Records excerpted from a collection

*** Begin section ***

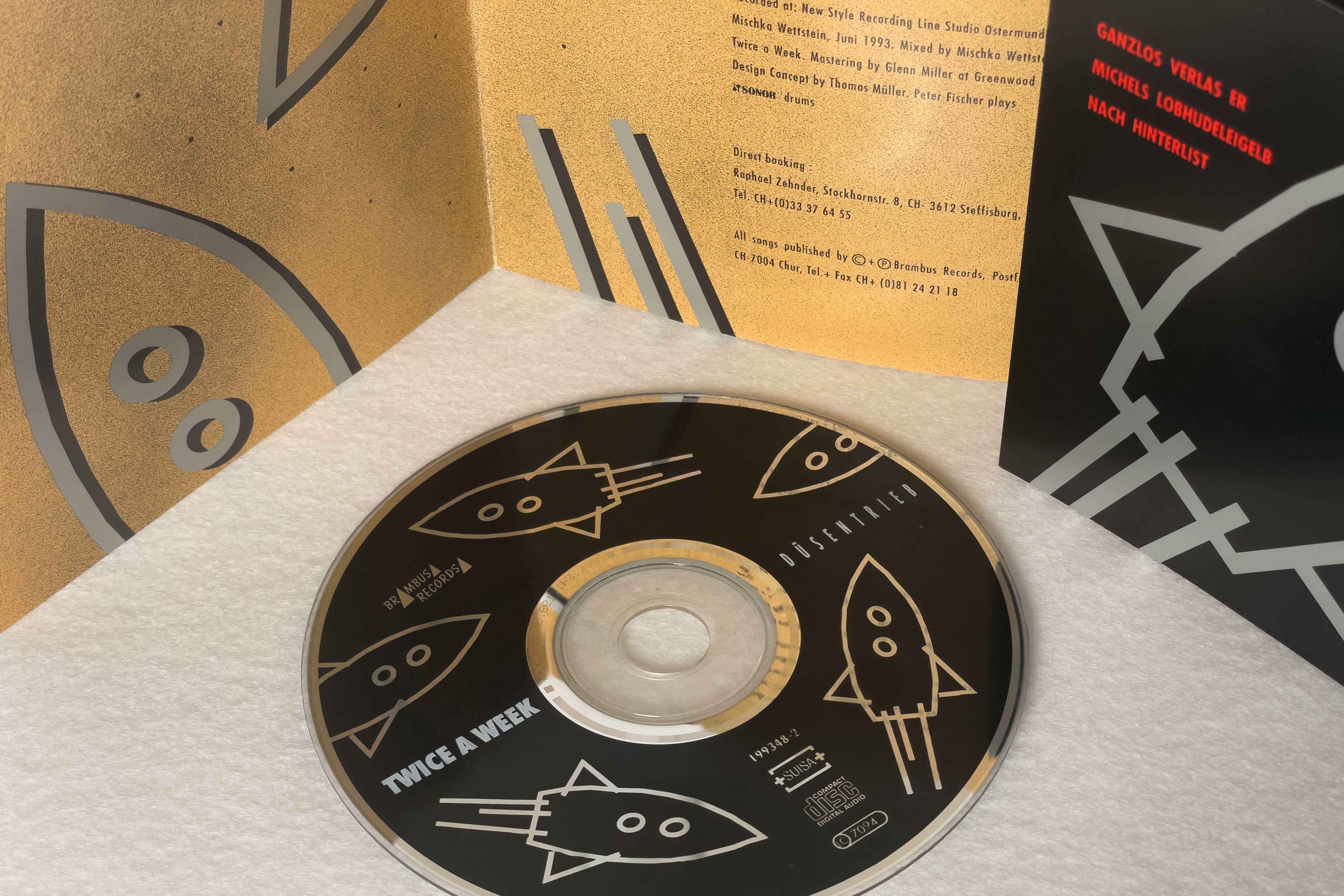 CD-Artwork für Düsentrieb der Jazzband Twice a Week aus Thun. Das Motiv kombiniert eine von Höhlenmalerei inspirierte Zeichnung mit einer Weltraumrakete – eine augenzwinkernde Anspielung auf den Titel und die kreative Energie der Musik.
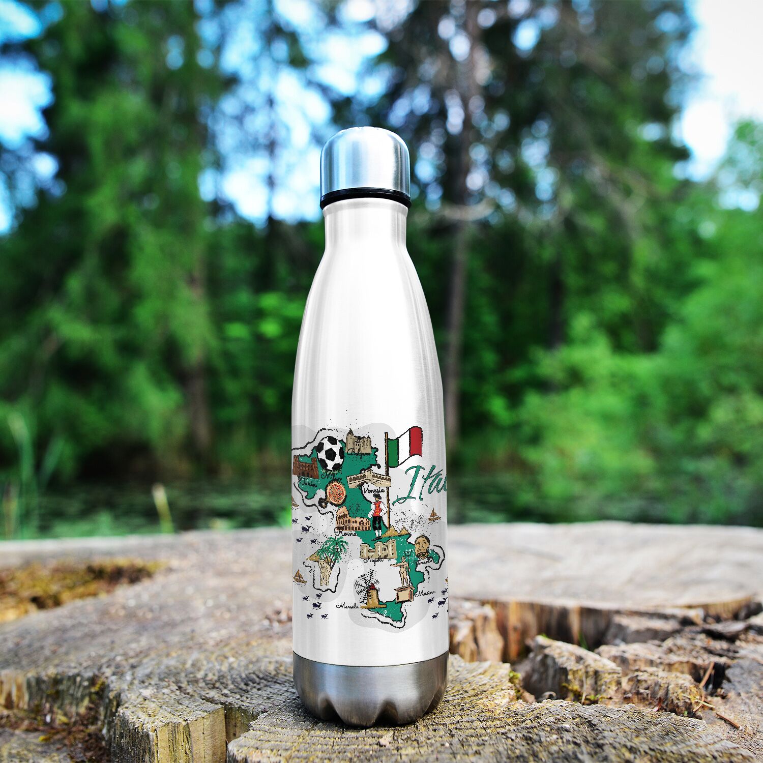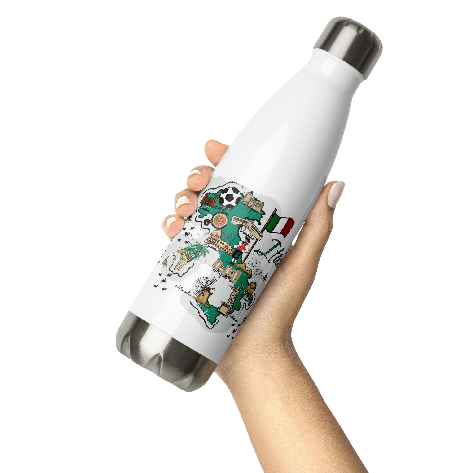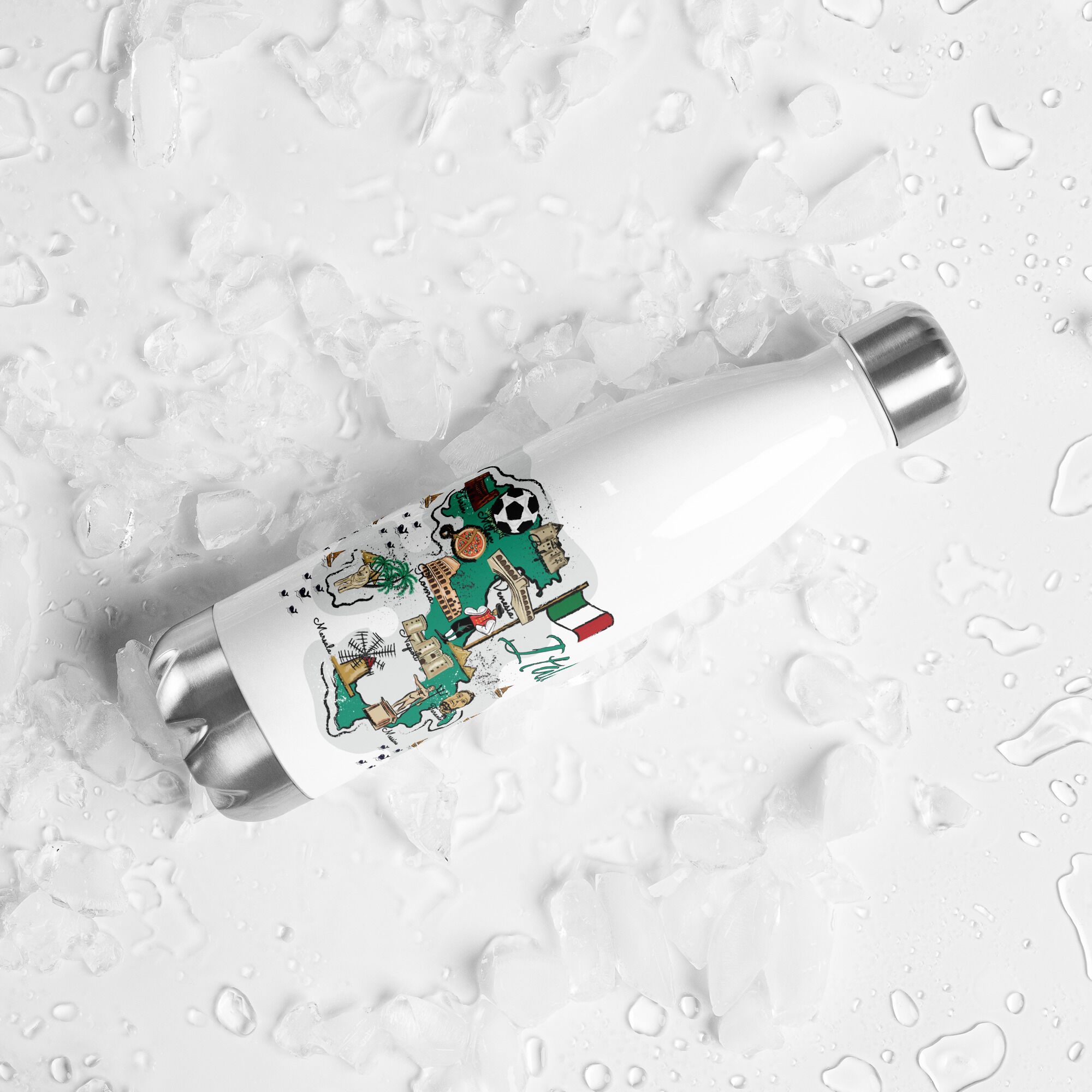 Italy Illustrated Map Stainless Steel Water Bottle
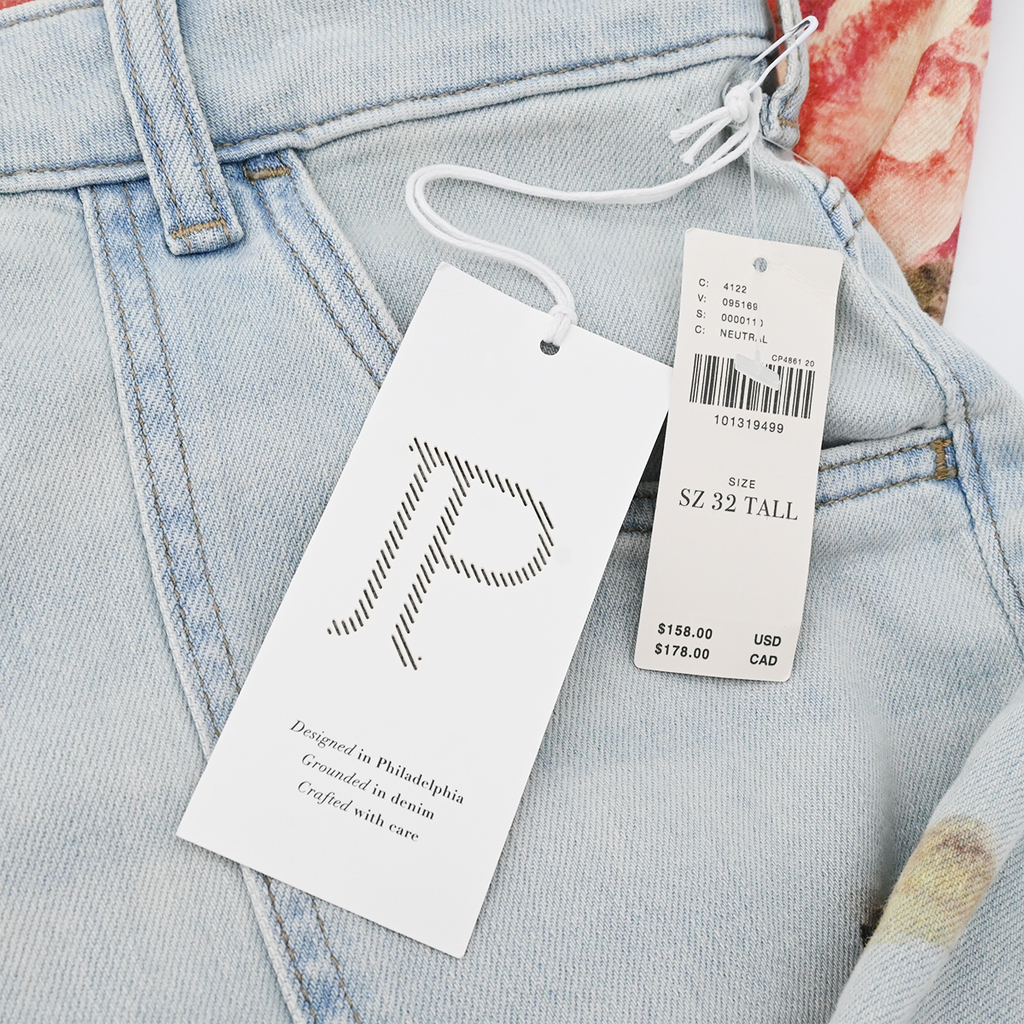 Good, with very light pilling at denim & faint dust stains at leg cuffs. Original tag included.
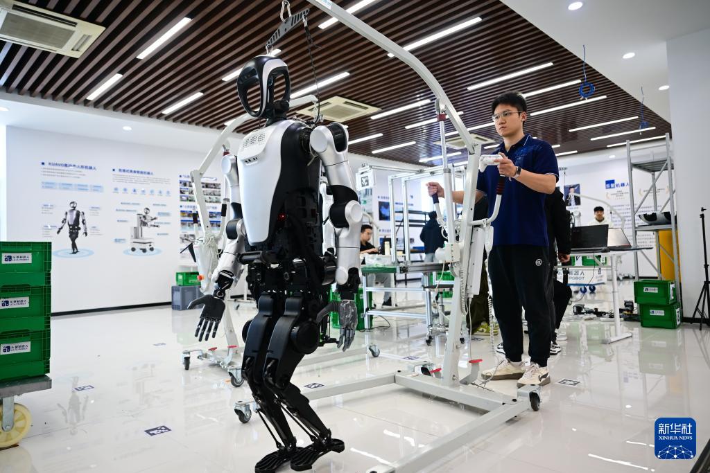 10月24日,張鴻偉操控人形機器人,準備進行測試。新華社記者 杜瀟逸 攝
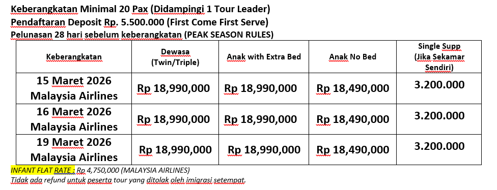 Sarapan pagi di hotel. Hari ini kita akan menikmati free time setelah waktunya tiba kita akan menuju ke airport untuk kembali menuju tanah air tercinta dan Berakhirlah tour yang berkesan ini dan sampai jumpa di tour selanjutnya bersama kami.
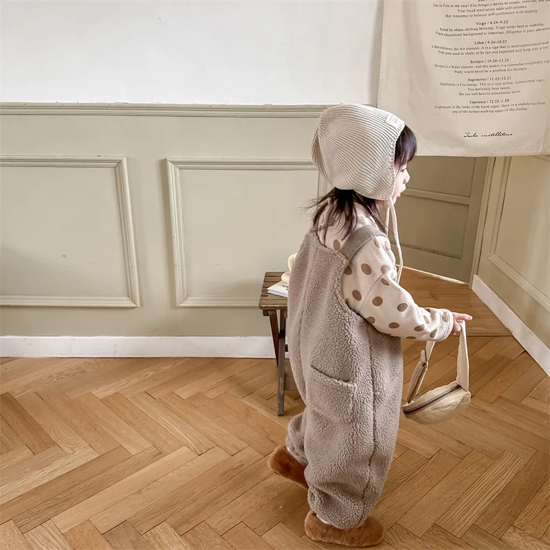 キッズ向けボアフリースサスペンダーパンツ・サロペットが登場!冬のおしゃれと暖かさを叶えます。
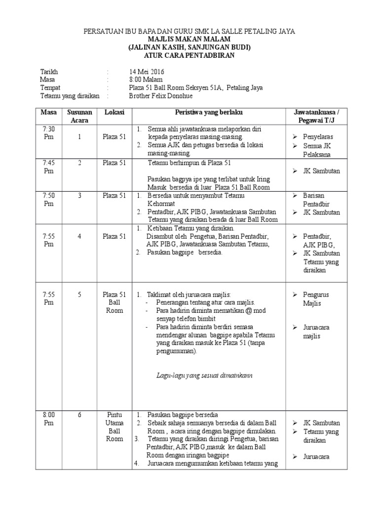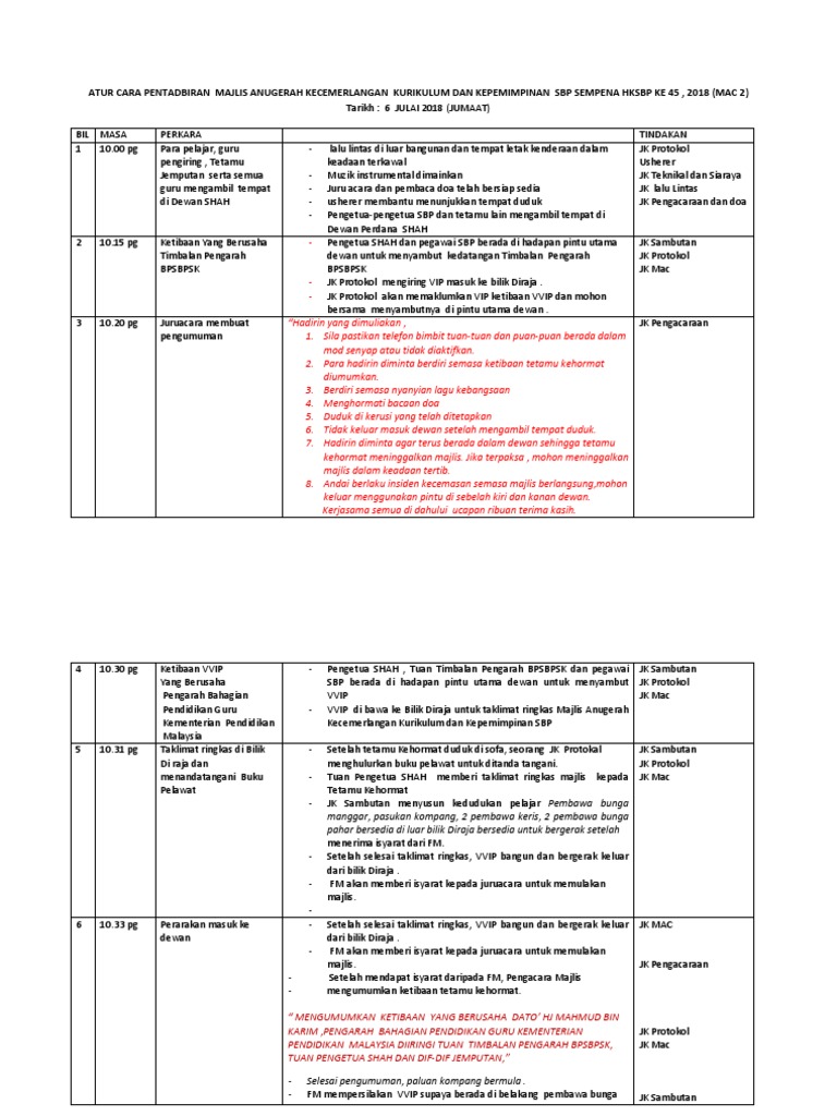 Doc Protokol Tatacara Penganjuran Majlis Rasmi Julia Ng Academia Edu
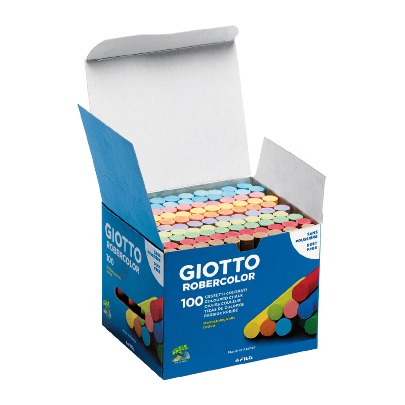 Las tizas Giotto Robercolor  son las más compactas y de colores más intensos del mercado, un concepto diferente en tiza, desprenden mucho menos polvo y duran mucho más por su proceso de fabricación.
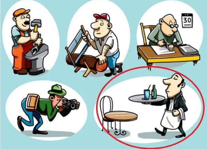 أما النادل الذي يقدم المشروبات، فيحمل الصينية في يده اليمنى، مما يشير إلى أنه سيستخدم يده اليسرى لوضع المشروبات على طاولة الزبائن. لذلك، النادل هو الشخص الأعسر بالتأكيد.
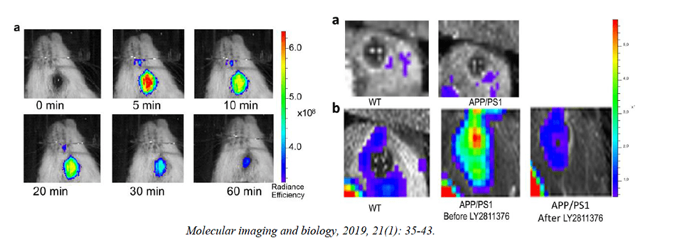 近红外荧光(NIRF)成像已广泛用于临床前研究;然而,它的低组织穿透性对于神经退行性疾病的转化临床成像来说是一个令人生畏的问题。众所周知,视网膜是中枢神经系统(CNS)的延伸,被广泛认为是大脑的窗口。因此,视网膜可以被认为是研究神经退行性疾病的替代器官,并且眼睛由于其高透明性而代表理想的NIRF成像器官。利用CRANAD-X荧光探针标记淀粉样蛋白β(aβ),并利用成像系统对眼部进行观察可以明显观察到患病前后及治疗前后眼部的荧光强度的差异,进而在未来的人类研究中具有显著的转化潜力,并可能成为未来快速、廉价、可获得和可靠筛查AD的潜在成像技术。

*** End section ***

To do>
Return all records above verbatim without their pictures.

Written answer>
 CD-Artwork für Düsentrieb der Jazzband Twice a Week aus Thun. Das Motiv kombiniert eine von Höhlenmalerei inspirierte Zeichnung mit einer Weltraumrakete – eine augenzwinkernde Anspielung auf den Titel und die kreative Energie der Musik.
 Italy Illustrated Map Stainless Steel Water Bottle
 Good, with very light pilling at denim & faint dust stains at leg cuffs. Original tag included.
 10月24日,張鴻偉操控人形機器人,準備進行測試。新華社記者 杜瀟逸 攝
 Sarapan pagi di hotel. Hari ini kita akan menikmati free time setelah waktunya tiba kita akan menuju ke airport untuk kembali menuju tanah air tercinta dan Berakhirlah tour yang berkesan ini dan sampai jumpa di tour selanjutnya bersama kami.
 キッズ向けボアフリースサスペンダーパンツ・サロペットが登場!冬のおしゃれと暖かさを叶えます。
 Doc Protokol Tatacara Penganjuran Majlis Rasmi Julia Ng Academia Edu
 Las tizas Giotto Robercolor  son las más compactas y de colores más intensos del mercado, un concepto diferente en tiza, desprenden mucho menos polvo y duran mucho más por su proceso de fabricación.
 أما النادل الذي يقدم المشروبات، فيحمل الصينية في يده اليمنى، مما يشير إلى أنه سيستخدم يده اليسرى لوضع المشروبات على طاولة الزبائن. لذلك، النادل هو الشخص الأعسر بالتأكيد.
 近红外荧光(NIRF)成像已广泛用于临床前研究;然而,它的低组织穿透性对于神经退行性疾病的转化临床成像来说是一个令人生畏的问题。众所周知,视网膜是中枢神经系统(CNS)的延伸,被广泛认为是大脑的窗口。因此,视网膜可以被认为是研究神经退行性疾病的替代器官,并且眼睛由于其高透明性而代表理想的NIRF成像器官。利用CRANAD-X荧光探针标记淀粉样蛋白β(aβ),并利用成像系统对眼部进行观察可以明显观察到患病前后及治疗前后眼部的荧光强度的差异,进而在未来的人类研究中具有显著的转化潜力,并可能成为未来快速、廉价、可获得和可靠筛查AD的潜在成像技术。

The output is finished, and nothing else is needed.